TEI recommends adding an example explicitly applying a probability-of-success factor in lieu of different discount rates, as follows:

(i)  USP, a pharmaceutical company, has developed a new drug that it is currently marketing.  In Year 1, USP enters into a CSA with its wholly-owned foreign subsidiary, FS, to develop an improved
version of the drug.  Under the CSA, USP will have the rights to exploit the improved version in the United States, and FS will have such rights in the rest of the world.  The current version of the drug and USP’s development team are reasonably anticipated to contribute to the development of future versions and therefore the rights in the current version are platform contributions for which compensation is due from FS as part of a PCT. USP does not transfer the current exploitation rights in the current version to FS.  FS does not furnish any platform contributions nor does it control any operating intangibles at the inception of the CSA that would be relevant to the exploitation of the current or future versions of the drug.  FS agrees to make PCT payments in the form of a single lump sum payment as of the date of the PCT.

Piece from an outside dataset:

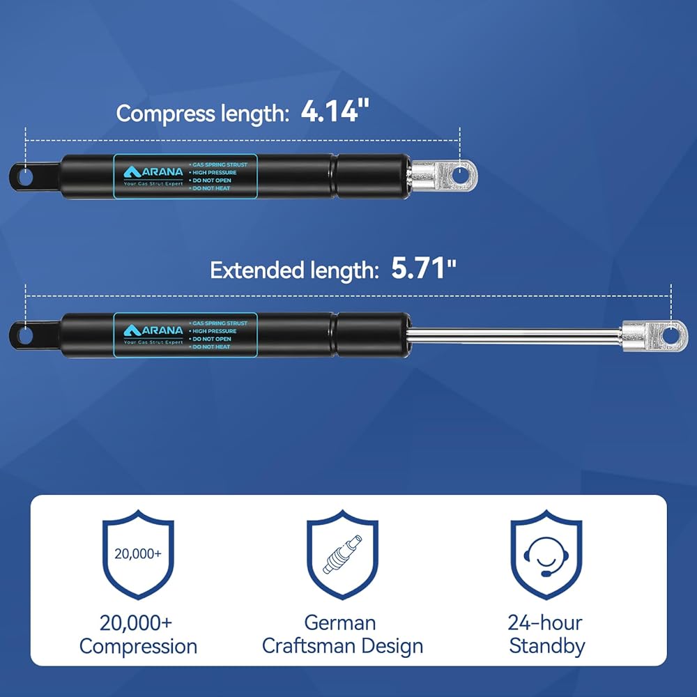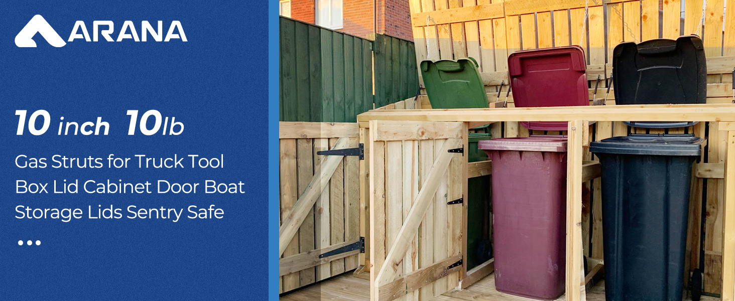 ✅ نوابض غازية بوزن 10 رطل - يمكن استخدام دعامات زنبركية الغاز من ARANA مقاس 10 بوصات لرفع الخزانة/صندوق الأدوات/صندوق الألعاب/غطاء صندوق العمل لفتحه وإغلاقه بهدوء، تأكد من أن الغطاء يتراوح بين 8-11 رطلاً؛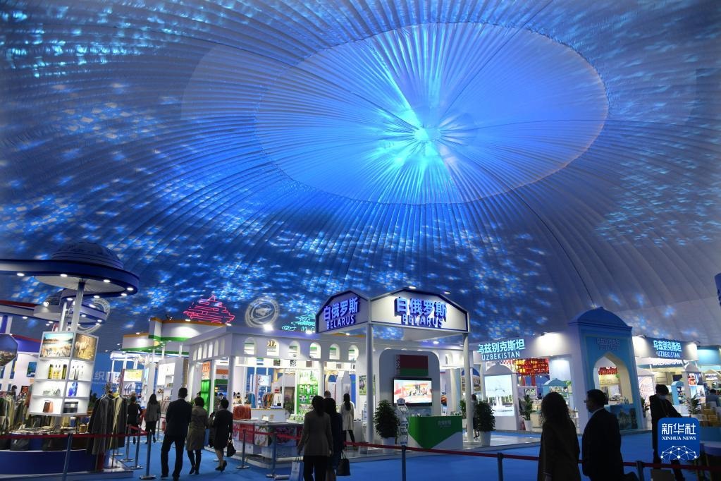 與會(huì)嘉賓在各國形象館展區(qū)參觀(2021年4月26日攝)。當(dāng)日,2021上海合作組織國際投資貿(mào)易博覽會(huì)暨上海合作組織地方經(jīng)貿(mào)合作青島論壇在青島開幕。新華社記者 李紫恒 攝

(ii)  In evaluating the CSA, the Commissioner concludes that the cost sharing alternative represents a riskier alternative for FS than the licensing alternative because, in cost sharing, FS will take on the additional risks associated with CST Payments and making the PCT payments as a single lump sum.  Consequently, the Commissioner accepts the taxpayer’s projections, based on the industry’s and taxpayer’s own experiences, that the probability of successfully developing an improved version of the drug is 50%.  The Commissioner also concludes that the appropriate discount rate to apply in assessing the licensing alternative, based on the discount rates of comparable uncontrolled companies undertaking comparable licensing transactions, would be 13% per year.  FS undertakes financial projections and anticipates making no sales during the first two years of the CSA in its territory, with sales in Years 3 through Year 8 rapidly increasing to $200 million, $400 million, $600 million, $650 million, $700 million and $750 million, respectively.  After year 8, sales in the rest of the world are expected to remain at $750 million per year for the foreseeable future. Costs ― including routine costs and operating cost contributions ― are anticipated to equal 60% of gross sales from Year 3 onwards. FS anticipates its cost contributions will equal $50 million per year for the first four years of the CSA and equal 10% of gross sales in each year, thereafter.  The Commissioner accepts the financial projections undertaken by FS and determines that the arm’s-length rate USP would have charged an uncontrolled licensee for a license of an improved version of the drug (had USP further developed the original version on its own) is 35% of the sales price, as determined under the comparable uncontrolled transaction method in §1.482-4(c). FS also determines that the tax rate applicable to it will be the same in the licensing alternative as in the CSA.

(iii) Based on these projections and applying the same 13% discount rate to both the licensing and cost sharing alternatives, the Commissioner determines that under the cost sharing alternative, the present value of its divisional profits (after subtracting the present value of the anticipated operating cost contributions and cost contributions) would be $488 million.1

Under the licensing alternative, the present value of the divisional profits and losses minus the operating cost contributions would be $1.592 billion, and the present value of the licensing payments would be $1.393 billion.
  
Therefore, the total value of the licensing alternative would be $199 million.

In order for the present value of the cost sharing alternative to equal the present value of the licensing alternative, the present value of the PCT payments must equal $288 million; the arm’s-length lump sum PCT payment therefore equals $288 million. 
  
1  For simplicity, all financial flows are assumed to occur at the beginning of each period and the
numbers are rounded.  Some numbers may be rounded.